Business - Management Theory
Learning Organizations
Learning Organizations: Case Studies
Learning Organizations
Organizations may experience different levels of learning depending on their commitment and resources to the cause. This study has focused on four organizations two of which are performing well and the other performing poorly in their unique industries.
Apple Computing Corporation
The first company that this paper reviews is the Apple Inc. The firm is attractive as it offers an expounded culture of organization learning. Up to 1989, Apple Computing Corporation commanded only 1.2% of Japan's personal computer markets. Appointment of new company president illustrated a new era, as there were strategized drives towards increasing Apple's presence across market as well as acceleration of change. The company targeted to achieve annual sales revenues of $1 billion in the next five years (IPC. 2001). Meeting the challenge forced the corporation to approach management consultant firms to build up experience in company restructuring and information technology. Apple Japan implemented a sweeping plan for organizational learning for purposes of penetrating the market and increasing efficiency of the company. In order to achieve this, there were plans of repositioning the brand while expanding the scope of distributorship to improve customer management. The firm also introduces the Learning Organization concept into the workplace (Spender, 1996).
The implementation of learning organization techniques was based on the company's advice to address various disciplines that were essential to the development of the learning organization. Team learning, mental models, shared visions, systems thinking, and personal mastery were instrumental in change adaptation. Although group meetings had regular inclusions of company practices, there were different elements that promoted application of team education and group discussions. The approach kept work teams informed while increasing everyone's contributions to respective projects. The increase in team learning emphasis led to the conceptualization of shared visions that had a natural introduction and allowance for members to achieve towards similar goals at all positions. The employees of Apple Company had a distinct mental model for how organizations and managers should co-exist with team colleagues (IPC. 2001).
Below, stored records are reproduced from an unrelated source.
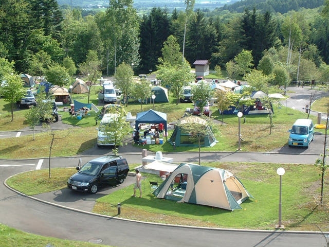 オートサイトは野外炉付きで1区画が広く、AC電源、水道、流し台付きのサイトもある。ケビンにも水道、野外卓が設置。歩いて行ける距離にエルム高原温泉(露天風呂付き)があり便利だ。
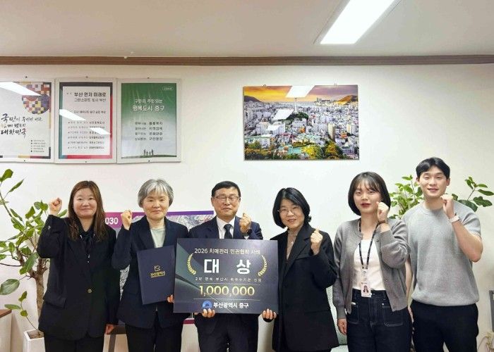 뉴한국방송뉴스통신사 신유철기자 기자 | 부산 중구는 2026년 치매관리 민관협력 우수사례 공모전에서‘소지역 맞춤형 기억동행, 중구형 치매보듬마을’사례로 대상을 수상했다고 밝혔다.
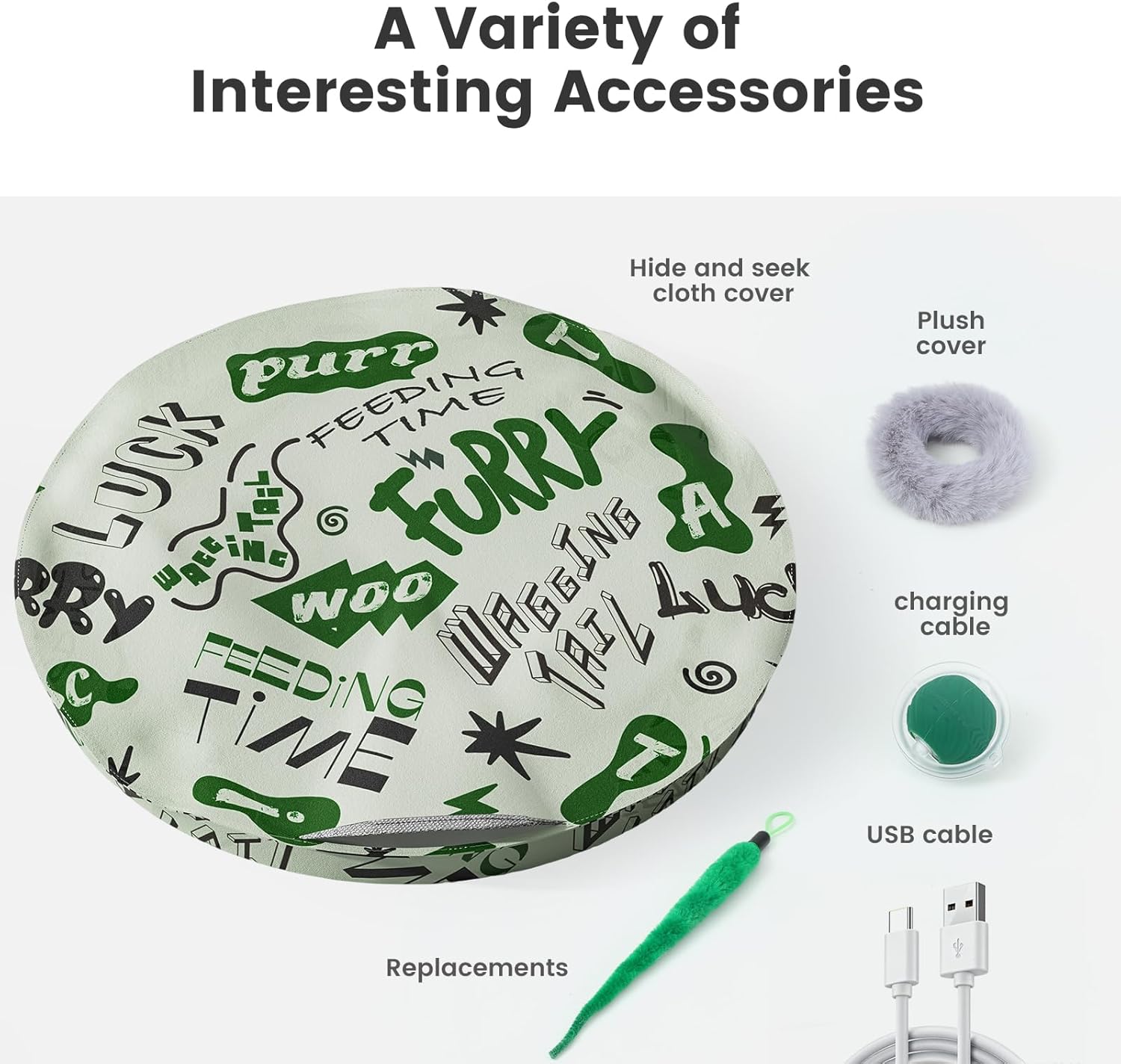 - Included Components: Ball, hide and seek cloth cover, charging cable, plush ring, tail accessories
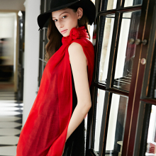 高档戒指绒羊绒围巾 纯色百搭山羊绒保暖女秋冬长款披肩两用大红
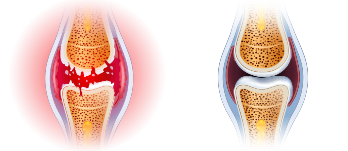 Un'articolazione malata attaccata dalla degenerazione e dal dolore
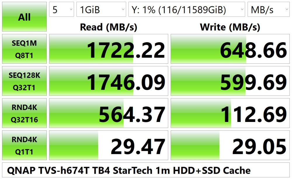 CrystalDiskMark måler op til 1.746,22 MBps, hvad der er det samme som 13,97 Gbps og sandsynligvis skyldes den store SSD-cache.
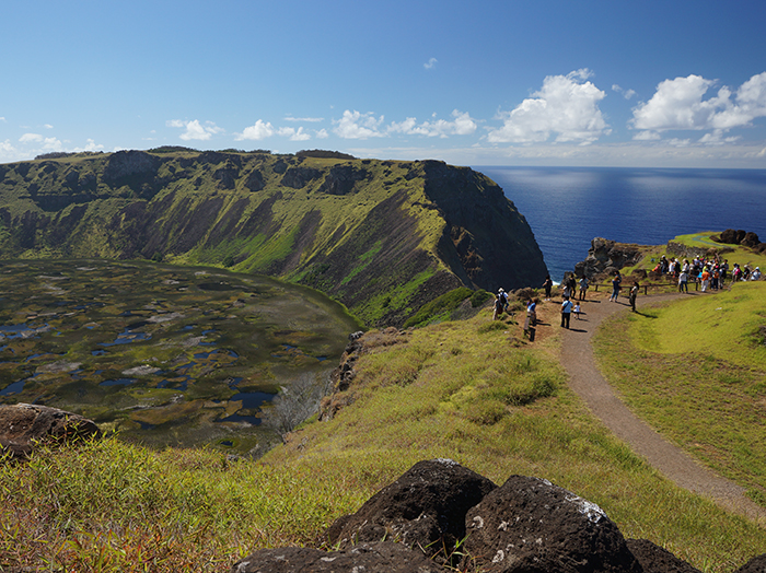 イースター島といえば、島内のあちこちにたたずむモアイ像を思い浮かべる方が多いかもしれませんが、独特な色合いの美しい海も大きな魅力です。イースター島は海底火山からマグマが噴出してできた火山島で、深い海底から頂上部分のみが海上に露出しているため、島の海岸線は断崖絶壁か岩場ばかりです。急激に海が深くなるため、島の周囲には、タヒチなどの海と比べて濃い、独特の群青色をした海が広がっています。また、オロンゴ岬の隣にそびえるラノ・カウ火山からの雄大な眺めも、非常にフォトジェニックです。
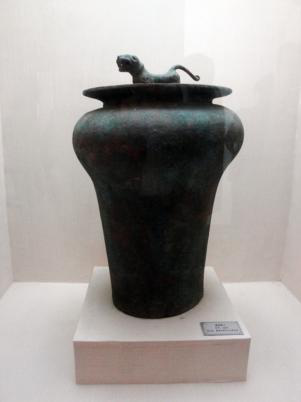 為巴文化最具代表性的青銅樂器,高68cm,上徑36cm,底徑28cm,重30公斤。1989年夏,萬州甘寧鄉(xiāng)發(fā)大水,錞于從紅旗水庫泄洪道巨石縫中被發(fā)現(xiàn),由萬州博物館收藏。2005年6月,調(diào)集到重慶中國三峽博物館。這件錞于屬戰(zhàn)國晚期的巴人作品,其通體完整,音質(zhì)優(yōu)良,造型厚重,形體特大,有“錞于王”之譽。其上部的鈕作虎形,栩栩如生,不怒而威,虎腿以漩紋勾畫出神物特征,是巴人虎崇拜的又一重要例證?;⑩o的周圍,分布著五組“圖語”:椎髻人面、羽人擊鼓與獨木舟、魚與勾連云紋、手心紋、神鳥與四蒂紋。這些圖語對研究巴文化是極為重要的資料,其中羽人擊鼓與獨木舟已經(jīng)被選取為重慶中國三峽博物館外墻浮雕的中心圖案(戰(zhàn)國青銅虎鈕錞于圖片由老鐵提供)。
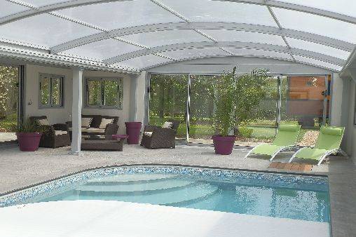 fermant à clé au-dessus du bassin et terrasse extérieure.Naturisme autorisé dans la piscine.
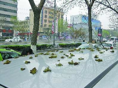 6日,记者在泺源大街看到,从路边白蜡树上落下的“毛毛虫”落在车顶,让很多车主烦心,因为这些物质中含有树胶,落在车顶很难洗掉。济南一家洗车点工作人员表示,树胶粘在车上时间较长时,需要对汽车进行抛光处理。本报记者 王倩 摄影报道
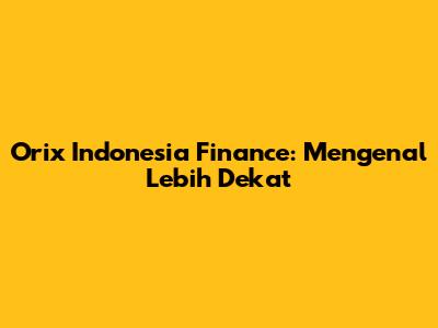 Apa Itu Orix Indonesia Finance?
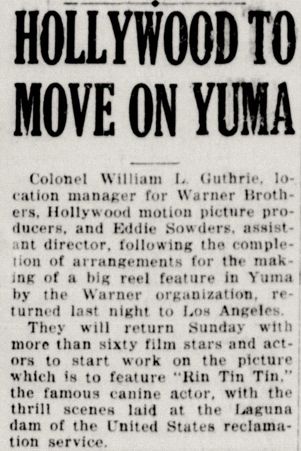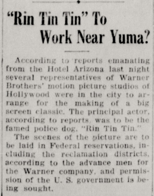 These articles report that Rin Tin Tin and over 60 cast and crew members from the Warner Brothers company were coming to Yuma to make a film at the Laguna Dam. The filmmakers requested permission from the Bureau of Reclamation to spend approximately 3 weeks at the dam.

Through efforts of bringing each the mental model of each person in line with other teams, learning processes became more efficient as teams took up coherent actions. Personal Mastery was managed through encouragement of managers into setting their staff challenging and reasonable goals while introducing more training programs. The essential discipline of systems thinking brought about various other factors together and enabled the employee to contribute to strategic decisions (IPC. 2001). The concept considered the entire system by placing specific focus on the respective problems. The disciplines had been implemented through moderate restructuring as well as the establishment of education programs applied to all people within the organization (Spender, 1996).
Re-organization had diverse outcomes that marked critical improvements within the level of sales of the company as growth exceeded most optimistic projections. Although most of the success areas were attributed to the introduction of Learning Organization concepts, the outcomes illustrate unprecedented improvement (IPC. 2001). Learning organization had major contributions in the institution of the growth. Most of the learning departments use a global view that people continually expand capacities for purposes of creating the truly desired results that great and new thinking patterns were nurtured. Further, collective aspiration was set free, and people continually learned on ways of learning from each other. Scholars discuss the learning organization concept in providing training and HRM tactics to sell their wares among senior management peers. The learning organization concept presents an obstacle to the contemporary approach to training (IPC. 2001). Learning organizations are not enough for purposes of reward and appraisal systems. The criticisms presented towards the learning organization concept involve reasonable extents of guarantees and outcomes of training and appraisal. In the case of Apple, the annual processes of job review are not aimed at making appraisal assessments or performance-based pay (Spender, 1996).
The approach is a fit for concepts of learning organization while accepting broad interpretation of scholars. On the other hand, the learning organization concept together with annual job review is ambiguous to the learning approach. The concept lacks a clarification of the relationship between training and learning and scholars use the concept in skills formation (IPC. 2001). Innovation and experimentation are integral parts of the learning organization as they encourage continuous improvement instead of waiting for the occurrence of a problem. Failure becomes part of the learning process, and the process of evaluation should identify and ensure that the mistakes are never repeated. When the organizational structure has highly bureaucratic and formal elements, there is a severe restriction of decision-making and individual autonomy.